144 Ark. 417 | Ark. | 1920
(after stating the facts. The record shows that Edith Jenkins and John B. Jenkins were minors at the time P. G-. Jenkins died and his will was admitted to probate in common form, that is without notice. They seek to contest the will on the ground of undue influence in its execution, and claim that on account of their minority they have the right to have the will probated in solemn form, or, in other words, to contest it, although more than one year has elapsed since the will was probated.
Under our statute, the judgment admitting a will to record is a final order or judgment from which an appeal lies within twelve months after the rendition thereof. Hogane v. Hogane, 57 Ark. 508. The appeal in that case was dismissed because it was not taken within the time limited by the statute.
In Ouachita Baptist College v. Scott, 64 Ark. 349, it was held that where a will is admitted to probate in common form in the probate court, the persons interested may make themselves parties by perfecting an appeal to the circuit court within twelve months, and that this, under our practice, amounts to a contest of the will. The court said:
“If the will has been probated in the more solemn form (that is, upon notice to all interested to appear in the probate court at the probation), then, of course, this particular question does not arise. If, however, as in the present case, the probation is in the common form, and parties interested have not been summoned to appear and make objection, then we think it but a fair and reasonable construction to put on the statute that parties interested may file the affidavit provided in the statute within the twelve months allowed, and thus make themselves parties to the probate proceedings for the purpose of taking an appeal from the order of probation to the circuit court, wherein, in such case, the real contest of the will may be made on the grounds set forth in their petition, which, of course, will necessarily show their relationship to the deceased. This ruling is one of first impression in this court, hut is in harmony with the suggestion contained in all of our more recent decisions, although these decisions contain mere suggestions or intimations on the subject, and nowhere decide the particular question. Petty v. Ducker, supra; Hogane v.
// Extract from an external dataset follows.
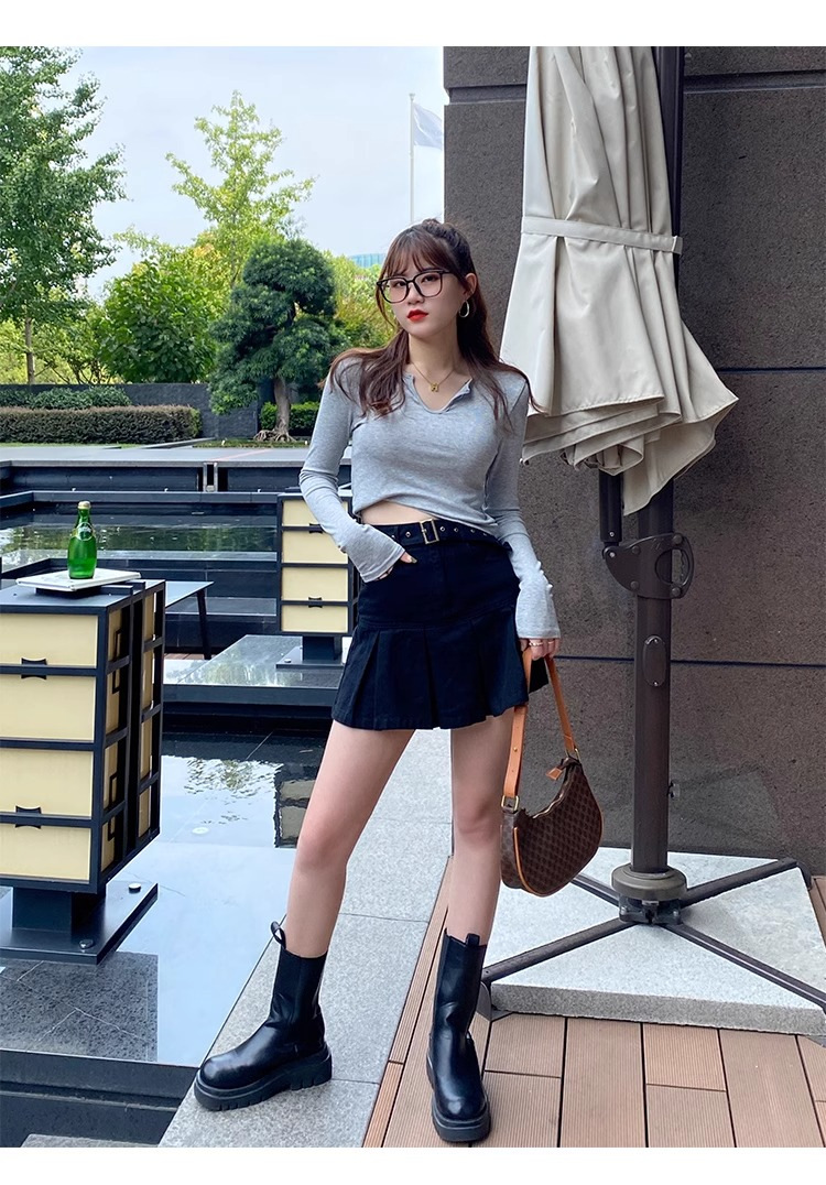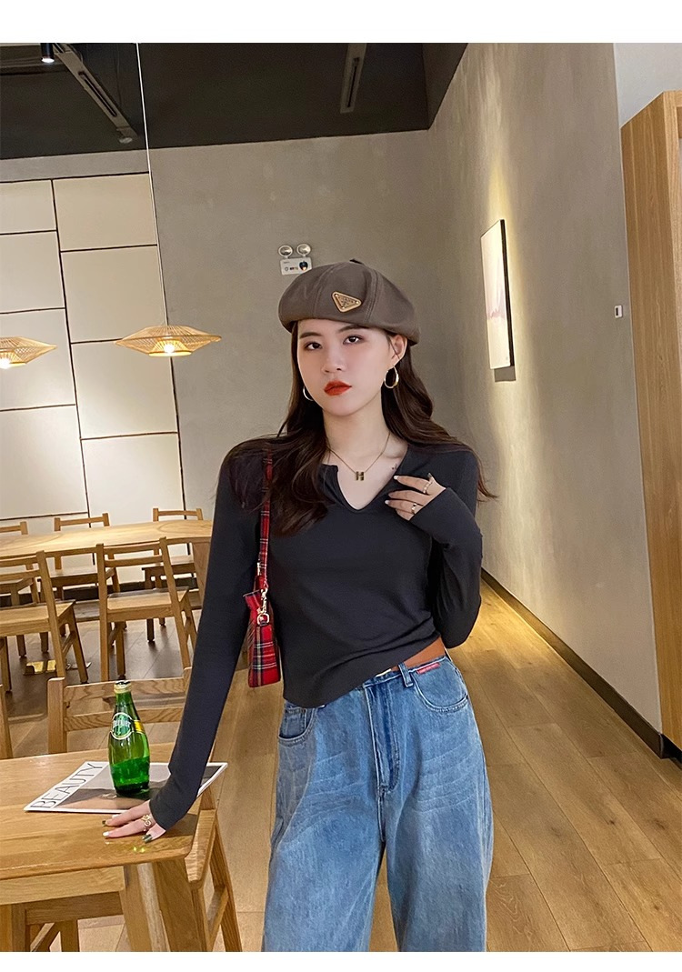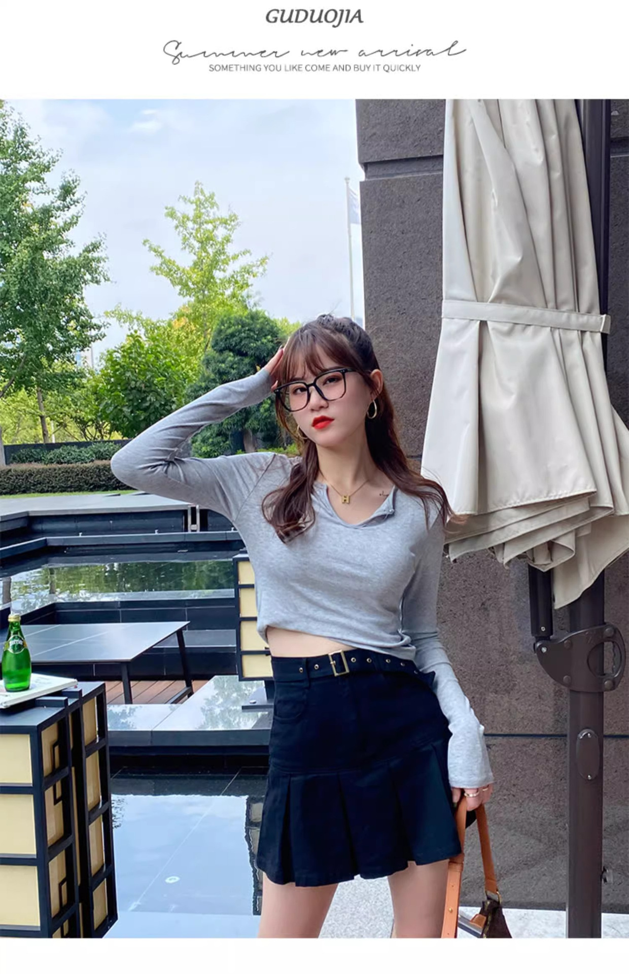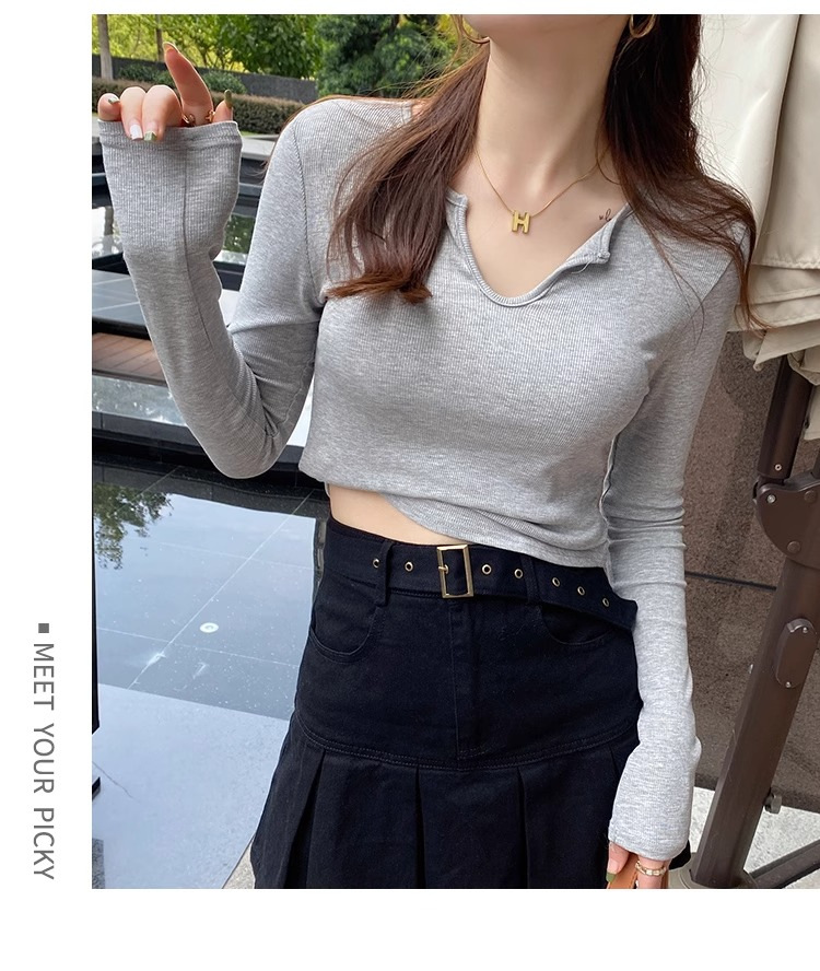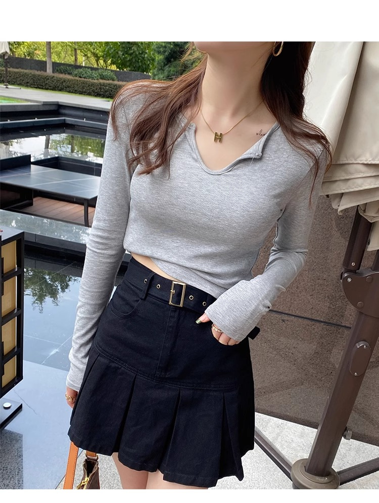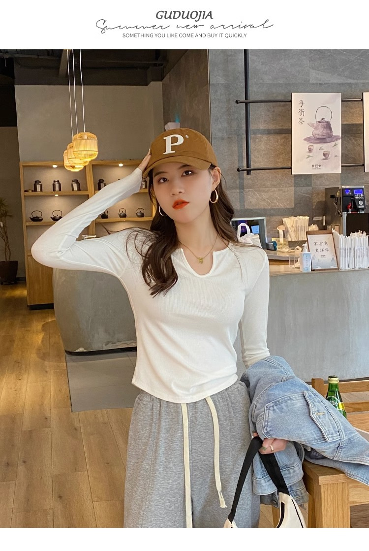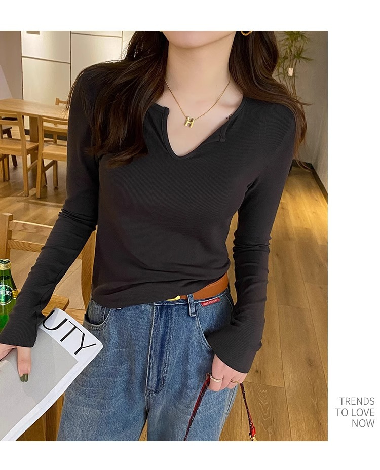 언더 셔츠 여성의 봄과 가을 긴팔 티셔츠 디자인 감각 틈새 슬림 핏 슬리밍 내부 U 넥 탑

Hogane, 57 Ark. 508. Furthermore, since the decisions of this court have left no other remedy to the contestant, who has not been given a day in court, this ruling meets the requirements of the constitutional provision which declares that “every person is entitled to a certain remedy in the laws for all injuries or wrongs he may receive, in his person, property or character.” Const. Ark., art 2, § 13. The contestants having filed their affidavit within one year from the probation of the will, as required by statute, the circuit court properly exercised jurisdiction to hear and determine the appeal, which in such matters amounts to the contest of the will. ’ ’
The statute under construction in that case is the one ■applicable here, and it contains no saving clause in favor of infants, and the court can make none. A saving from the operation of the statute for the disability of minority must be expressed or it does not exist. Hence it has been held that where the time for contesting probated wills is limited by statute and there is no saving clause in favor of infants, none exists. 40 Cyc. pp. 1257, 1258; Cleveland v. Lyne, 5 Bush (Ky.) 383; Folmar’s Appeal, 86 Pa. 482; and Warfield v. Fox, 53 Pa. 382.
With regard to other statutes by which the rights of minors and femme coverts are affected, the court has held that a law general in its nature binds them, although they are not specially named, and that their disability does not relieve them from the limitation of the statute unless there is a saving clause showing that they were intended to be excepted. Nelson v. Cowling, 89 Ark. 334; Collier v. Smith, 132 Ark. 309, and Hogg v. Nichols, 134 Ark. 280.
Section 8041 of Kirby’s Digest provides that when the proceeding to probate a will upon notice is taken to the circuit court all necessary parties shall be brought before the court.
Section i8043 provides that any person interested, who at the time of the final decision in the circuit court resided out of this State, and was proceeded against by order of appearance only, and any other person interested who was not a party to the proceeding by actual appearance, or being personally served with process, may, within three years after such final decision in the circuit court, by a bill in chancery impeach the dicision and have a retrial on the question of probate. The concluding part of the section provides that an infant, not a party, shall not be barred of such proceedings in chancery until twelve months after obtaining full age.
In the construction of this statute the court has held that a court of equity has no jurisdiction to review a decision of the probate court upon the probate of a will where there was no appeal to the circuit court within the time prescribed by the statute. The court held that if the appeal to the circuit court be barred, then no final decision of the circuit court can be had on the probate or a rejection of the will, and that the section is wholly inapplicable. Mitchell v. Rogers, 40 Ark. 91.
The Court of Appeals of Kentucky reached the same conclusion upon a precisely similar statute. Cleveland v. Lyne, 5 Bush (Ky.) 383.
It follows that the petitioners fall within the operation of the statute, and, more than one year having elapsed from the date of probating the will and the time of filing their petition to contest the will, the circuit court properly dismissed their cause of action. Any other holding would make the statute an enlarging rather than a restraining one.
Therefore the judgment will be affirmed.